The best part of the Kick-Ass universe has been Hit-Girl, who is as close to an actual superhero as exists in this world. And even granting that the character was probably only created to show that a kid sidekick would grow up to be hopelessly warped, and that any really effective superhero would need to resort to extreme violence in order to be in any way effective, she provided the only real and exciting superhero action in any of the Kick-Ass miniseries. And while we are only in the second issue of the Hit-Girl miniseries, and while it’s probably safe to say that, as with Kick-Ass and Kick-Ass 2, everything will end in tears, that particular book is simply action-packed, interesting, and just fucking fun. At least, for now.

Avengers Vs. X-Men #5 is yet another issue of this series where they ramp up the pure, lunatic, schoolyard-level, “You know what would be fuckin’ cool?” ante-upping that has been a signature of this event since day one; I am convinced that if Marvel Editorial had forgotten to put an end number on this series, we would eventually see Avengers Vs. X-Men Vs. Defenders Vs. Justice League Vs. Watchmen Vs. Godzilla Vs. Enraged Gunship Jesus.

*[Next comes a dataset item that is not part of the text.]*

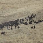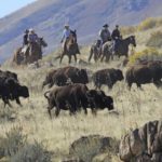 Riders herd bison during the annual bison roundup Saturday, Oct. 26, 2019, on Antelope Island in Utah. Hundreds of horseback riders are conducting the annual roundup of bison on the island in Utah’s Great Salt Lake. The roundup on Antelope Island is conducted over three fall weekends, with the first devoted to the actual roundup and the next two to health checks and vaccinations and to releasing the animals or selling some to keep the herd’s size manageable.

At times in this series, the pursuit of that adrenaline rush or hormone rush or whatever rush it is that gives twelve-year-olds boners has led to writing that has placed classic characters with well-established behavior patterns in situations where they act like they are loaded on adrenaline or hormones or writing a major summer crossover event. However, this issue’s writer, Matt Fraction, avoids some of the characterization pitfalls from earlier issues by focusing his character work on Iron Man (with whom he is intimately familiar), and by putting his attention to the needs of the plot… which is basically to have superheroes bitch smack each other stupid.

Considering how the past few issues of this series has gone, this is, at least temporarily, an inherently good thing.

EDITOR’S NOTE: This review constitutes a confirmed extinction-level spoiler.

I don’t have kids myself, but many of my former drinking buddies do, which has in turn made me decide I can never have kids. Because I just can’t talk to them. You ever try talking to a little kid, particularly after they’ve had a shitload of candy? Candy you gave them in the hopes they would take it, go away and stop trying to talk to you?

You can’t make any sense of it; they spin wildly from point to point, with no real logical gristle connecting them, with weird exaggerations that beggar belief to hear (“Wait, wait, little Billy… you’re saying Deathstroke rode his pony… sorry, his My Little Pony… to Cybertron? To fight fucking Voldemort? Who plots your shit, Billy? Rob Liefeld?”). After a while, it starts to hurt the mind to keep track of what’s happening and why, because if you stop and think about it for even a minute, it doesn’t make any sense at all.

In that same vein, if I told you that the plot of a story was, “You know what would be cool? If the Avengers battled the X-Men and Phoenix – no, not some redhead in a green body stocking, but the actual giant flaming bird, like the one from Battle of The Planets – on – get this – the fucking moon,” you would think that you were overhearing a schoolyard monologue by some kid who was on the first step of a road that’s started with Ritalin and will eventually end with methamphetamine extract.

Welcome to Avengers Vs. X-Men #4: where every plot point was written with a prefix of, “And you know what else would be cool?” regardless as to whether it makes any Goddamned sense at all.